Logo

8. Hukuk Dairesi2024/6761 E. 2025/2400 K.

Yapay Zeka Özeti

Uyuşmazlık: Kadastro çalışmaları sonucu Hazine adına tescil edilen taşınmazlar üzerinde davacının zilyetliğe dayanarak tapu iptali ve tescil isteminin kabul edilip edilmeyeceğine ilişkin uyuşmazlık.

Gerekçe ve Sonuç: 3402 sayılı Kadastro Kanunu'nun 12/3. maddesinde düzenlenen 10 yıllık hak düşürücü süre geçtikten sonra açılan tapu iptali ve tescil davasının, hak düşürücü süre nedeniyle reddine dair yerel mahkeme kararının onanmasına karar verilmiştir.

Karar Metni

"İçtihat Metni"

MAHKEMESİ : Gaziantep Bölge Adliye Mahkemesi 16. Hukuk Dairesi

SAYISI : 2024/1097 E., 2024/1356 K.

KARAR : İstinaf başvurusunun esastan reddi

İLK DERECE MAHKEMESİ : Hekimhan 1. Asliye Hukuk Mahkemesi

SAYISI : 2023/103 E., 2023/301 K.

Taraflar arasında görülen tapu iptali ve tescil davasında yapılan yargılama sonunda İlk Derece Mahkemesi kararıyla davanın usulden reddine karar verilmiş olup, Mahkeme hükmüne karşı davacı vekili tarafından istinaf yoluna başvurulması üzerine Bölge Adliye Mahkemesince istinaf başvurusunun esastan reddine karar verilmiş, bu kez davacı vekilinin Bölge Adliye Mahkemesi kararını temyizi üzerine Dairece dosya incelendi, gereği düşünüldü:

K A R A R

... ili ... ilçesi ... Mahallesinde yapılan kadastro çalışmaları sonucunda orman vasfıyla tespit edilen; 105 ada 2, 105 ada 4, 105 ada 5 ve 105 ada 8 parsel sayılı taşınmazların kadastro tutanakları 29.12.1989-29.01.1990 tarihleri arasında yapılan askı ilanına itiraz edilmemesi üzerine 30.01.1990 tarihinde; 105 ada 3 parsel sayılı taşınmazın tutanağı hükmen 05.05.1992 tarihinde, 105 ada 6 parsel sayılı taşınmazın tutanağı itiraz üzerine görülen davada davanın açılmamış sayılmasına karar verildiğinden 30.01.1990 tarihinde, 105 ada 7 parsel sayılı taşınmazın tutanağı hükmen 10.02.1997 tarihinde kesinleşmiştir.

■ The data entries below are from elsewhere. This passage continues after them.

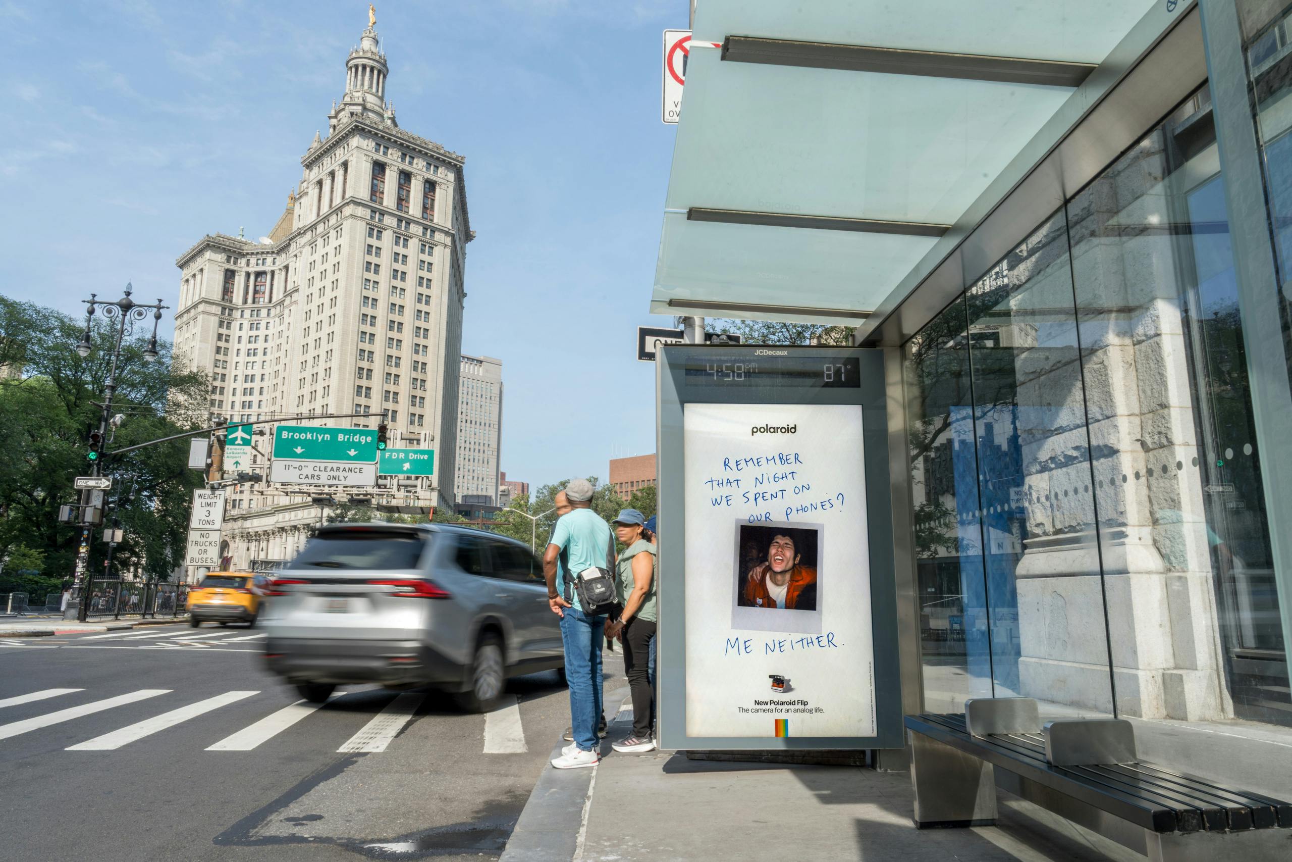 The campaign has been posted in high-traffic areas across London and New York. It combines Polaroids with taglines such as ‘No one on their deathbed ever said: I wish I’d spent more time on my phone’ or ‘Real stories. Not stories & reels’.
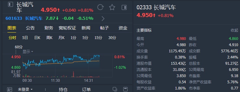 公司称,第一季自然盈利同比持平,同时由于稳定SUV和货车快速增长,其零售销售在4月的前20天恢复正增长,五月份批发有正面增长。该行维持其目标价6港元,以及“跑赢大市”评级。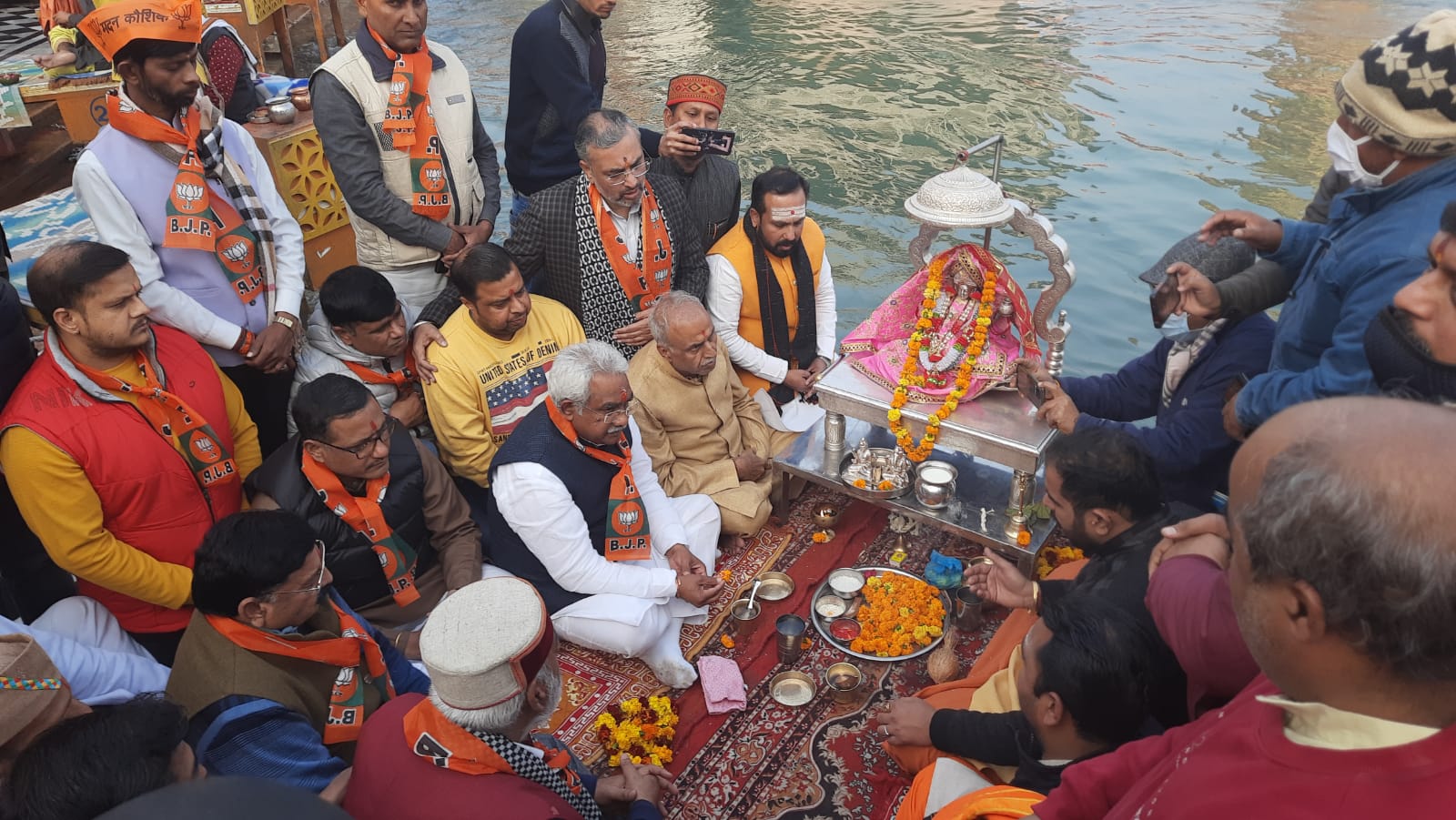 भारतीय जनता पार्टी की विजय संकल्प यात्रा के प्रचार रथों का भाजपा प्रदेश अध्यक्ष मदन कौशिक ने हरकी पैड़ी पर गंगा की पूजा करने के बाद हरी झंडी दिखाकर रथ का शुभारंभ किया। भाजपा के इस रथ को 18 दिसंबर को भाजपा राष्ट्रीय अध्यक्ष जेपी नड्डा, मुख्यमंत्री पुष्कर सिंह धामी और प्रदेश अध्यक्ष मदन कौशिक द्वारा झंडी दिखाकर रवाना किया जाएगा। रथ के शुभारंभ के बाद चुनावी माहौल बनाने के लिए शहर में रोड शो निकाले जाने की भी पूरी तैयारी कर ली गई है।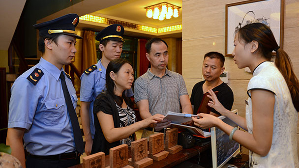 福建武夷山市紀(jì)委組織的檢查組人員在武夷山度假區(qū)一家私人會所進(jìn)行公款消費(fèi)檢查(2014年9月1日攝)。近日,新華社記者就落實(shí)習(xí)近平總書記重要指示精神,進(jìn)一步推進(jìn)作風(fēng)建設(shè),采訪了中央紀(jì)委有關(guān)負(fù)責(zé)同志。

Davacı vekili 17.09.2021 tarihli dava dilekçesinde; zilyetlik hukuki sebebine dayanarak 105 ada 2, 3, 4, 5, 6, 7 ve 8 parsel sayılı taşınmazların tapu kaydının iptali ile davacı adına tescilini istemiş, davalı Hazine vekili davanın reddini savunmuştur.

İlk Derece Mahkemesince yapılan yargılama sonunda; 3402 sayılı Kanun'un 12/3 üncü maddesinde düzenlenen 10 yıllık hak düşürücü süre geçtikten sonra açıldığı gerekçesiyle davanın reddine karar verilmiş, davacı vekilinin istinaf isteği Bölge Adliye Mahkemesince esastan reddedilmiş, davacı vekili tarafından temyiz edilmiştir.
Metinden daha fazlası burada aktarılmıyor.